CGpipe is a bioinformatics pipeline development language. It is very similar in spirit (and practice) to the venerable Makefile, but geared towards execution in an HPC environment.
Like Makefiles, cgpipe pipelines establish a series of build targets, their required dependencies, and a recipe (shell script) used to build the outputs.
Unlike Makefiles, cgpipe pipelines are executable scripts that can incorporate logic and flow control in the setup and execution of the build-graph. Additionally, cgpipe doesn't actually execute your job scripts – instead, it submits these jobs to a proper job scheduler for efficient distributed processing across a computational cluster.
CGpipe is distributed as a self-executing fat-JAR file. This means that for installation, all one needs is a working copy of Java and the cgpipe file.
CGpipe was written to support managing computational workflows in the study of pediatric cancers at Stanford University and the University of California San Francisco. For each patient sample sequenced, hundreds of jobs are generated and processed. This required the use of many different high-performance computing clusters over the years, including PBS, SGE, and SLURM clusters. The difficulty in migrating pipelines and adapting them to the different systems was one of the main motivations for cgpipe.
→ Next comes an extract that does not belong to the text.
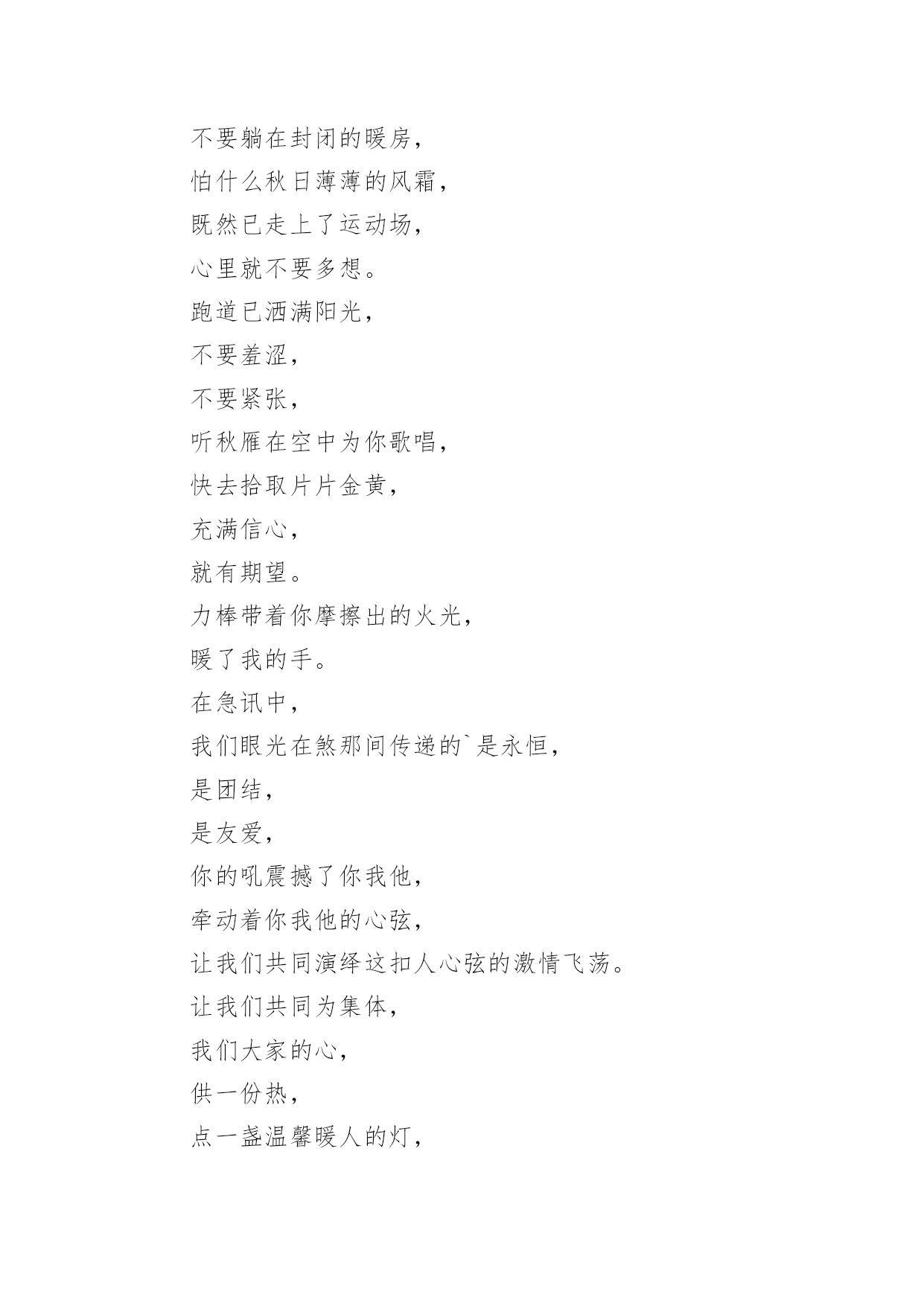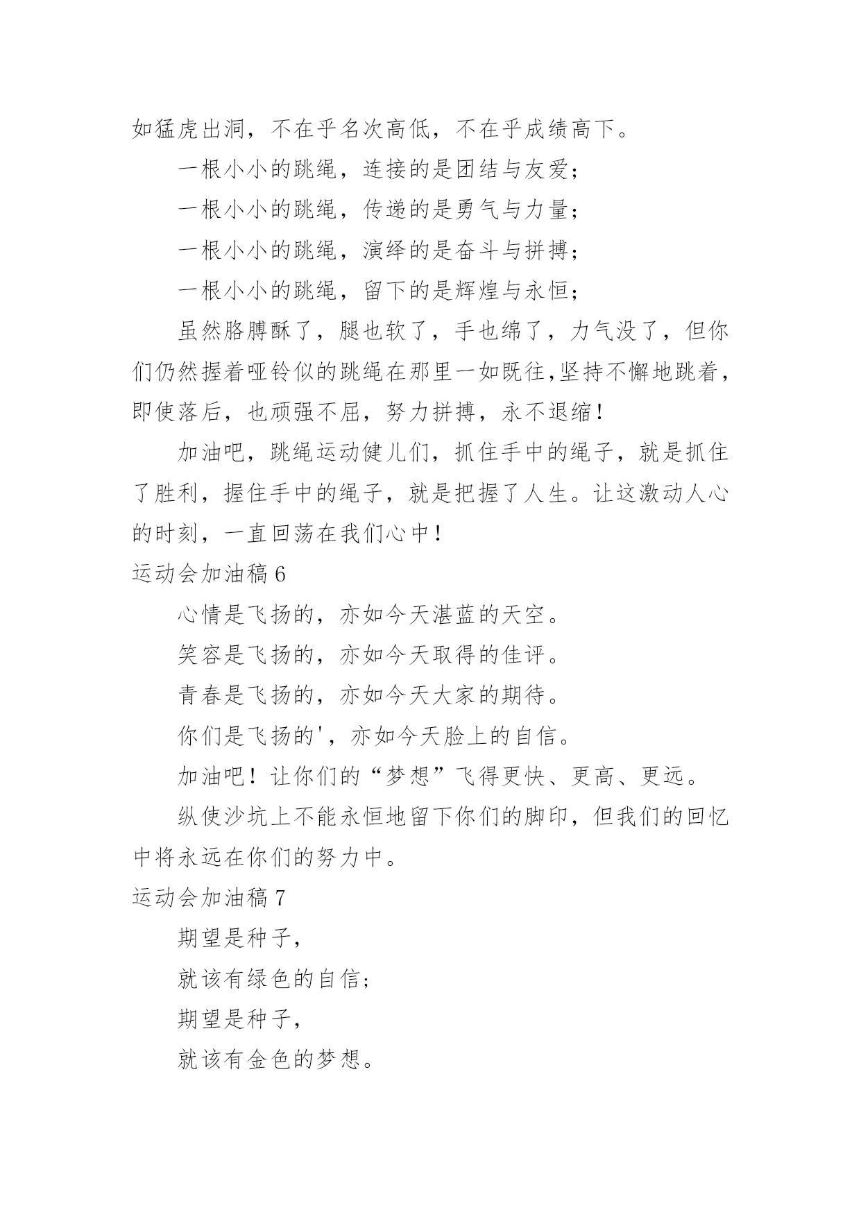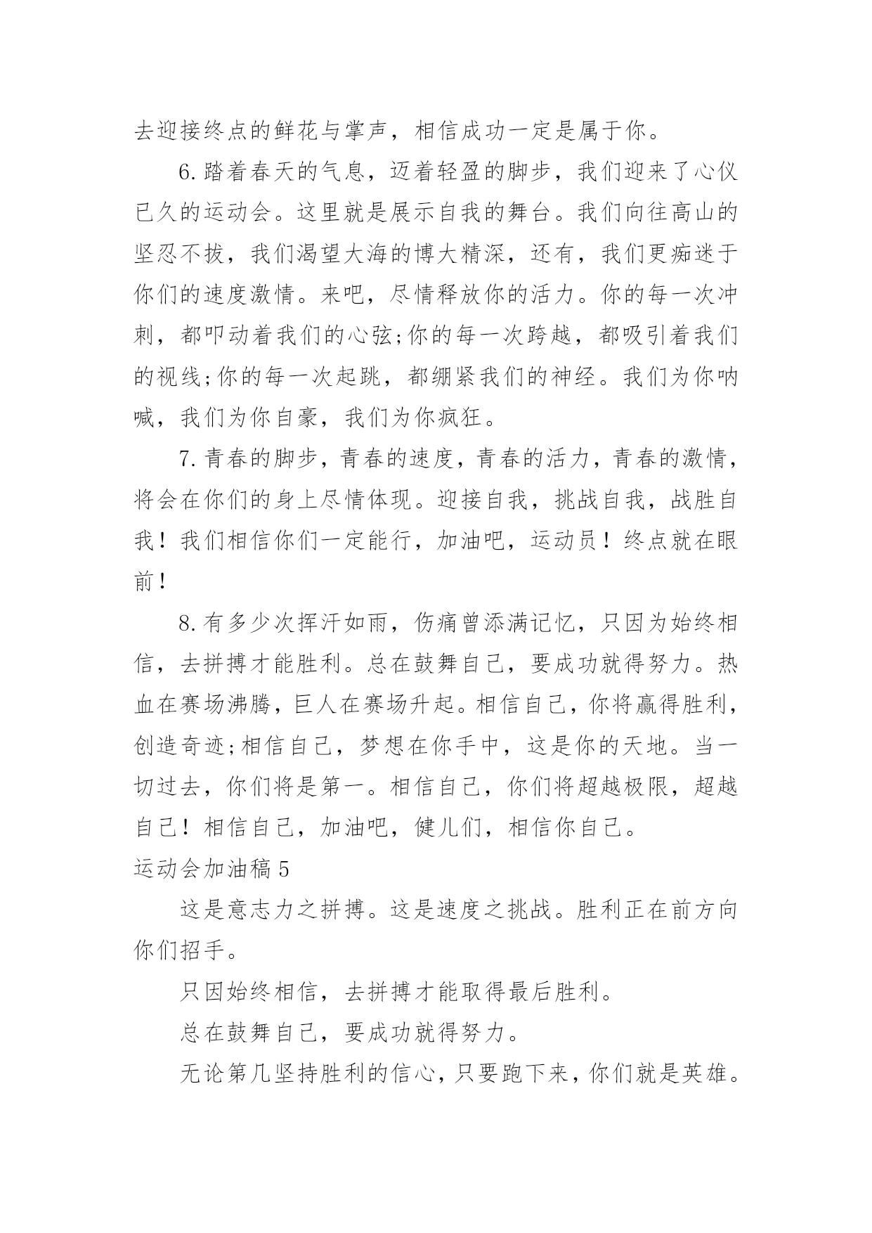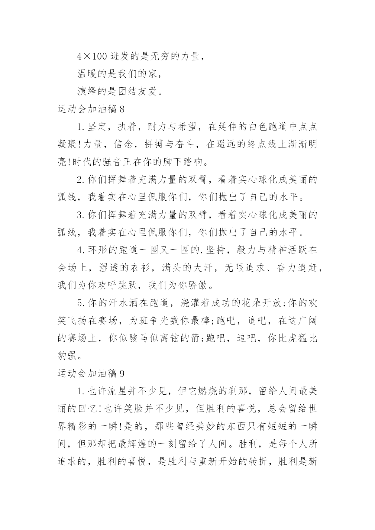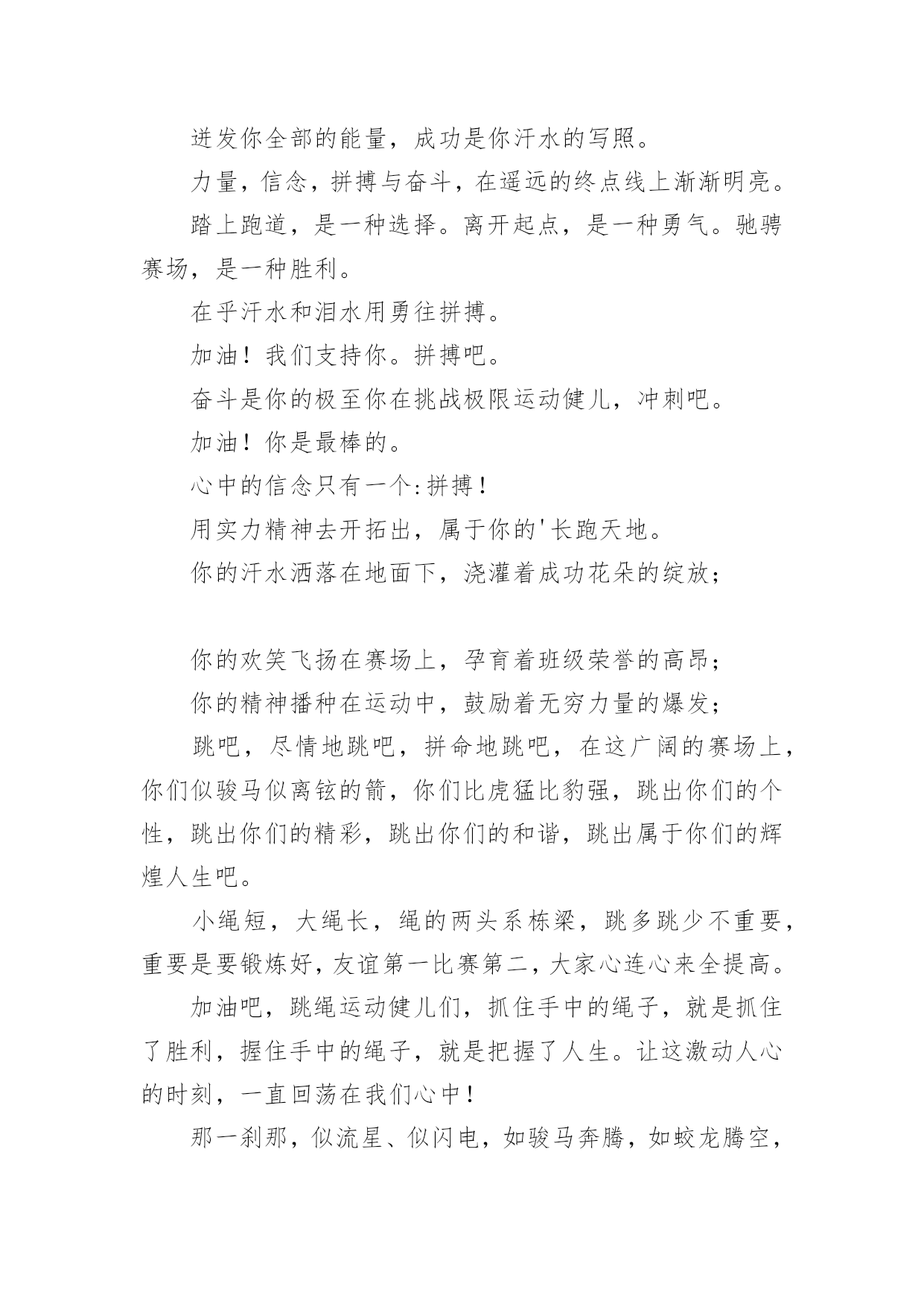 运动会加油稿【精华】运动会加油稿15篇在发展不断提速的社会中,我们越来越需要加油稿,加油稿是一种对他人有正向激励作用的文稿。写起加油稿来就毫无头绪?以下是小编精心整理的运动会加油稿,欢迎大家分享。运动会加油稿11.你赢得十分精彩,无需掩饰你的微笑,流露在你脸上。但我相信,你心中十分明白,征途刚刚开始,漫漫长路刚刚开头。加油啊,朋友,只有不断的拼搏,才可以不断战胜自己,战胜一切!向前、向前、向前!2.运动健将们,用你的实力,用你的精神,去开拓出,一片属于你的长跑天地!3.100只是一道过场,几秒钟转瞬即逝,但是这背后承载的是多少成败,加油吧,少年。4.也许流星并不少见,但它燃烧的刹那,留给人间最美丽的回忆!也许笑脸并不少见,但胜利的喜悦,总会留给世界精彩的一瞬!是的,那些以前美妙的东西只有短短的一瞬间,但那却把最辉煌的一刻留给了人间。胜利,是每个人所追求的,胜利的喜悦,是胜利与重新开始的转折,胜利是新的开始!5.跑道,是你勇气的选择,驰骋赛场,获得胜利,是你实力的体现,是你的战场,在这里你所向披靡。6.不为鲜花的围绕,不为刹那的荣耀,只有执着的信念,化作不停的奔跑,心中燃烧着梦想,脚下不停的步伐。7.虽然你们在场上的时间很短暂,但你们的身影依然停留在人们的脑海里,因为你们是赛场上最可爱的人,不为掌声的注释,不为刻意的征服,不为失败的痛苦,只有辛勤的`汗水化作成功的脚步8.心中坚定的信念,脚下沉稳的步伐,你用行动告诉我们一个不变之理,没有走不完的路,没有过不了的山,成功正在终点冲着你高高的招手,用你那顽强的意志去努力,去迎接终点的鲜花与掌声,相信成功务必是属于你。9.致运动员:是体育场上游走的火焰,是来去不息的脚步,是风中飞舞的树叶折射的金色光芒,藉此,能够诠释运动员兴奋的脸庞。那轻盈的步伐似飞鸟的翅膀,那清脆的x声响彻天际,它粲然升起那跃动的渴望,起跑加速超越冲刺,一步一步延向胜利的曙光。那是力的比拼,素质的较量,是石榴树上,跃动的心脏。10.超越对手,超越自我,是我们的目标,我们的信念,在清凉的初秋,在喧嚣的田径场上,你们点燃了似火的热情,无论成败,我们都为你们感到自豪,你们永远是我们的骄傲!11.坚定,执着,耐力与希望,在延伸的白色跑道中点点凝聚!力量,信念,拼搏与奋斗,在遥远的终点线上渐渐明如何写通讯稿亮!时代的强音正在你的脚下踏响。12.这是意志的拼搏。这是速度的挑战。胜利在向你们招手,胜利在向你们呼唤。13.迎接自我,挑战自我,战胜自我!我们相信你们一定能行,加油吧,运动员!终点就在眼前!14.你们挥舞着充满力量的双臂看着实心球化成美丽的弧线我着实在心里佩服你们你们抛出了自己的最佳水平!15.时间在流逝,赛道在延伸,成功在你面前展现心脏的跳动,热血在沸腾,辉煌在你脚下铸就加油吧,健儿们,这是意志的拼搏。这是速度的挑战。胜利在向你们招手胜利在向你们呼唤。16.健儿们,奋力拼搏吧!人生难得几回搏。搏它个乖风破浪,搏它个海阔天空!赛场风光变幻莫测,保持心态再接再厉,永不言败!短暂的一瞬间,显示出你惊人的速度,铿锵有力的一声吼叫,把你全身的力量都凝聚在这一刻上。17.百米战场,枪声炸响,你抬头是勇气是自信,低头是深沉是内敛,只需几秒,那就是永恒。18.不为鲜花的围绕,不为刹那的荣耀,仅有执着的信念,化作不停的奔跑,心中燃烧着梦想,脚下不停的步伐!19.枪声响起,冲刺向前,一马当先,咫尺天涯,永恒之巅,冲吧,向着未来冲刺,向着胜利冲刺。20.踏着春天的气息,迈着轻盈的脚步,我们迎来了心仪已久的运动会。那里就是展示自我的舞台。我们向往高山的坚忍不拔,我们渴望大海的博大精深,还有,我们更痴迷于你们的速度激情。来吧,尽情释放你的活力。你的每一次冲刺,都叩动着我们的心弦;你的每一次跨越,都吸引着我们的视线;你的每一次起跳,都绷紧我们的神经。我们为你呐喊,我们为你自豪,我们为你疯狂。运动会加油稿2350米的跑道上,你正在飞驰,头一百米:你可能心急如焚,可心知落后就要挨打。次一百米:你也许有点心神不定,我是不是该安静的退开?再一百米:你正在进行着心理斗争,“生存”还“死亡”?末一百米:你仿佛心有余而力不足,其实“冲刺”不容易。但面对如此遥远的路途,如此激烈的竞争,你也许腿脚发麻,你也许有些茫然。但你可知道,在你身后,有同学们一双双期待的眼睛;在你身后,是你日日辛勤苦练流下的'汗水。鼓起勇气,奋勇向前吧!为了集体的荣誉,为了祖国的明天!运动会加油稿3踏着激昂的乐点,你们展示自信的`风采;迈着昂扬的步伐,你们彰显必胜的气概绿茵场是你们的舞台,红跑道是你们的主场你们用意气风发的笑容向世界宣告胜利的归属,昔有男儿佩吴钩,关山夜取五十州,今有吾辈显身手,赛场驰骋拔头筹。运动会加油稿41.尊敬的班长大人,我们八班同学都希望在赛场上也能看见你的神威,

However, the major motivation was the desire to the the writing and use of complex pipelines as comparable to writing a simple shell script. For example, processing a single RNAseq sample may require 10's of jobs, but most of the logic is consistent between runs. There are a few variables (which FASTQ files to use, which reference genome, etc…), but for the most part, these can be handled with simple command line arguments. Then question then became – how can we make something that works like this:
$ ./rnaseq --fq1 input_R1.fastq --fq2 input_R2.fastq --ref GRCh38.fa --output sample1/
CGpipe was written to support this type of workflow. With this as the model, cgpipe has been refined over the years and has processed hundreds of thousands of jobs. If this is something that you need for data pipeline work, give it a try.